A structured set of objections, weighed in public.

Desk editor's note, referee report, simulated authors' rebuttal, and a circularity audit. Tearing a paper down is the easy half of reading it; the pith above is the substance, this is the friction.

Desk Editor's Note private letter to a colleague

This paper pins down the first tight T^{2/3} regret rate for non-monotone single-index bandits via Stein direction estimation plus 1D discretization and UCB.

read the letter

The main thing to know is that the authors close the open gap for general single-index bandits. They show matching upper and lower bounds of order T^{2/3} under standard boundedness and Lipschitz assumptions on the reward, improving the prior T^{3/4} upper bound and adding the first matching lower bound. The algorithm is a clean two-phase procedure: run a normalized Stein estimator on an initial batch to recover the projection direction, project the contexts down to one dimension, discretize that line at a suitable scale, and then run UCB on the resulting 1D problem. The regret comes from adding the direction estimation error to the usual 1D UCB term after discretization. This sits neatly between linear bandits and fully nonparametric ones, and the lower bound confirms the rate cannot be improved without more structure. The approach is simple enough that it should be easy to implement and extend. The proofs appear to rely on first-principles concentration for the Stein step plus standard UCB analysis, with no circularity in the bounds. The main soft spot worth checking is the stress-test point on the Stein estimator: under only boundedness and Lipschitz, does the direction error stay small enough on O(T^{2/3}) samples so that the induced 1D perturbation does not inflate the total regret back toward T^{3/4}? The abstract claims the bounds hold with no extra assumptions, so the analysis must control the second-moment and derivative conditions implicitly, but that propagation step is load-bearing and should be inspected closely in the full proofs. Empirical results are mentioned but not central. This is for researchers working on structured bandits and regret characterizations. A reader who cares about sharp rates between linear and nonparametric settings will find it useful. I would send it to peer review because the central claim is new, the bounds match, and the algorithm is straightforward.

Referee Report

2 major / 2 minor

Summary. The paper studies the single-index bandit problem in which rewards are given by an unknown nonparametric link function applied to an unknown one-dimensional projection of high-dimensional contexts. It proposes the two-phase ZoomSIB-UCB algorithm that first recovers the projection direction via a normalized Stein estimator on O(T^{2/3}) samples, then reduces the problem to a one-dimensional discretized bandit and applies UCB, obtaining Õ(T^{2/3}) regret. A matching minimax lower bound of Ω̃(T^{2/3}) is proved under the same boundedness and Lipschitz assumptions on the reward function, improving on the prior Õ(T^{3/4}) bound without additional assumptions.

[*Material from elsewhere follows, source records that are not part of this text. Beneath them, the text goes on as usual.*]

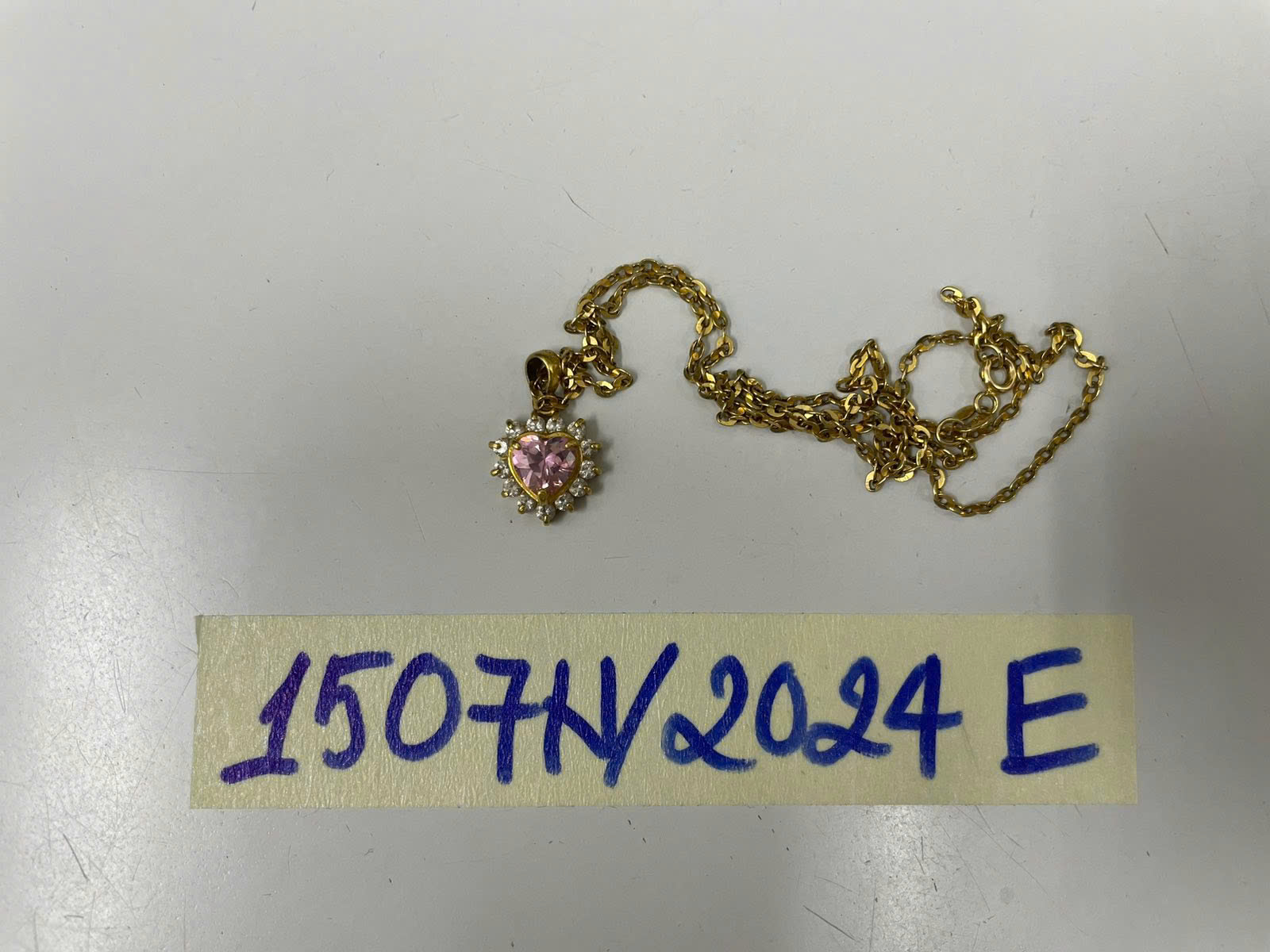 Ngày tiếp nhận: 06/9/2024 Mã hồ sơ: 1507N2024E Mô tả: 01 dây chuyền kim loại màu vàng, mặt dây chuyền có đính đá màu tím. |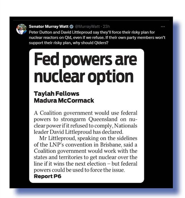 Senator Murray Watt on Dutton and Co’s brainfart idea for two nuclear power plants in Queensland….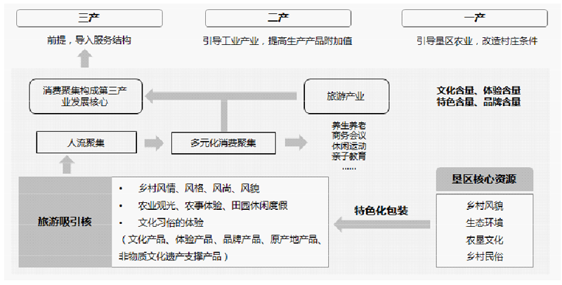 農(nóng)墾系統(tǒng)的“321”全產(chǎn)業(yè)鏈發(fā)展模式,強調(diào)三產(chǎn)之間的互動效率和產(chǎn)業(yè)能力提升。這一模式以墾區(qū)核心資源的分析挖掘為起點,通過對資源的特色化、產(chǎn)品化包裝形成旅游產(chǎn)業(yè)的吸引核,以聚集人氣,形成旅游引導(dǎo)的消費聚集,并引致消費產(chǎn)業(yè)的就業(yè)供給側(cè)聚集,形成以旅游產(chǎn)業(yè)為核心的三產(chǎn)服務(wù)結(jié)構(gòu),進而引導(dǎo)加工產(chǎn)業(yè)發(fā)展,帶動墾區(qū)農(nóng)業(yè)發(fā)展方式轉(zhuǎn)型升級。

Significance. If the upper-bound analysis holds, the work closes the gap to the optimal rate for general (non-monotone) single-index bandits and supplies the first sharp characterization via matching upper and lower bounds. The application of the Stein estimator to direction recovery and the explicit two-phase reduction are technically clean; the absence of extra assumptions beyond standard boundedness/Lipschitz is a notable strength.

major comments (2)

[Abstract and §3] Abstract and §3 (Stein estimator analysis): The central claim requires that the normalized Stein estimator, run on O(T^{2/3}) samples, produces ||θ̂ − θ|| small enough that the induced perturbation to the projected 1-D reward remains o(T^{-1/3}) with high probability. Under only boundedness and Lipschitz continuity of the link function, the Stein identity yields an estimation rate that depends on the second-moment matrix of the contexts and on the link function having non-vanishing derivative in expectation. Please state the precise high-probability bound on ||θ̂ − θ|| (including any implicit moment conditions on the context distribution) and show explicitly that the resulting 1-D perturbation does not inflate the total regret beyond Õ(T^{2/3}).
[§4] §4 (reduction and UCB phase): The discretization and UCB analysis on the estimated projection must absorb the direction-estimation error. If the perturbation term is only O(T^{-1/4}) rather than o(T^{-1/3}), an extra T^{3/4} regret term appears; the manuscript should quantify the exact tolerance on ||θ̂ − θ|| that keeps the overall bound Õ(T^{2/3}).

minor comments (2)

[Abstract] Notation: The symbols Õ and Ω̃ are used throughout; a brief reminder in the abstract or introduction that they hide polylog(T) factors would improve readability.
[Experiments] The empirical section would benefit from a plot showing the estimated direction error versus sample size to illustrate the Stein estimator rate.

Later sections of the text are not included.